Interviews, INVESTMENT CLIMATE

Boris Kheifets: Today’s key rate depends not only on the economy, but also on politics

On October 28, the Central Bank of Russia kept the key rate at 7.5%. Invest Foresight asked Boris Kheifets, Professor at the Russian Government’s Financial University, to explain what this means.

The key rate has remained flat at 7.5%, and this happened for the first time since March 2022. What does this mean?

— This means that inflation expectations in the Russian economy continue to be quite high. True, we all remember the Central Bank’s baseline forecast, where inflation should be back to 4% by 2024, but at the moment, in the current economic situation, this seems unlikely. The regulator is struggling to counter the inflationary influence of a variety of factors that affect the consumer price index. The fact that it kept the rate at 7.5% is a fairly clear signal for the market.

— Could you remind our readers what the Central Bank rate is, and how it affects the economy?

— The key rate is a guideline for banks and for their monetary policy, which determines the rate at which banks can borrow from the Central Bank. When this rate is low, banks start buying up foreign currency, which pushes the ruble exchange rate down due to the high market supply. The volume of lending to the economy also increases, and this promotes infrastructure projects and general growth.

What about households? How does the Central Bank rate affect each of us?

— It affects the size of loans that banks can provide to the population. I am mainly referring to consumer lending, because mortgage lending is a different story partially linked to subsidies. If the rate remains flat, the terms of loans remain unchanged, respectively, which gives people a sense of certain stability, so they can make their borrowing plans. Usually, to make a profit, a bank has to lend at an interest rate higher than the Central Bank rate.

— The rate also affects the interest on people’s deposits.

— Yes. The interest on deposits should not exceed the Central Bank rate, so I assume that we may see a certain stagnation in the growth of new bank deposits.

— What changes can we expect in the Central Bank’s key rate decision-making in the medium term? What will these changes depend on?

— Of course, we should always hope for the best. We will certainly be moving toward our ‘4% by 2024’ goal, but this is still unlikely to happen. True, the situation may improve in the future, but for that to happen, we would need to find some “Solomonic” solution in the current economic situation. In any case, it will not happen overnight.

At this point, the forecasts for the market vary greatly, but most of them are unfavorable.

Do you believe the regulator’s current policy for setting its key rate is appropriate to the situation?

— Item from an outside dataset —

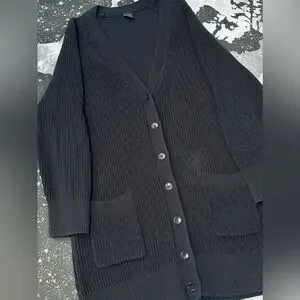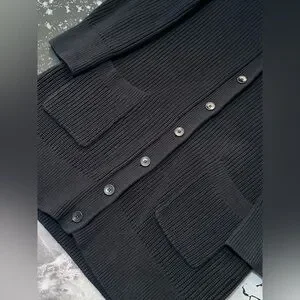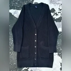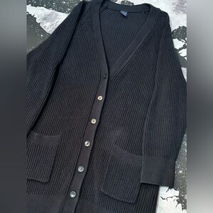 Gap Women’s Shaker Stitch thick heavy ribbed knit style cardigan sweater, color is black with front pockets & button closure.
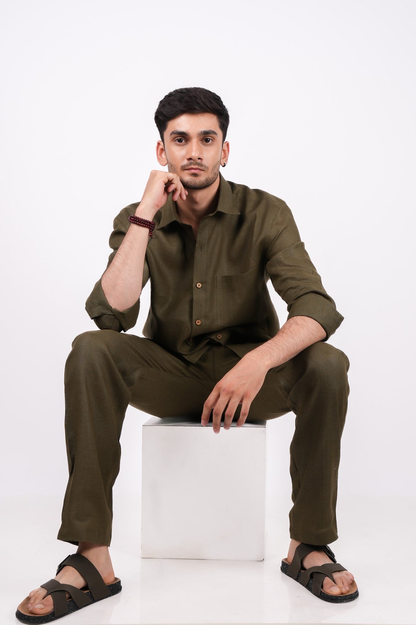 Mocha Brown Linen Co-Ord Set - Includes Pair of Pants and Full Sleeves Shirt

— I can say that the Central Bank has been regulating the market very effectively, given the context. Actually, very few central banks have ever operated in such conditions. I do not rule out a swing in the opposite direction, I mean an increase in the key rate with the deterioration of external conditions. Moreover, today, the key rate is influenced not only by economic, but also by political factors, and the voice of politicians definitely needs to be heard and taken into account.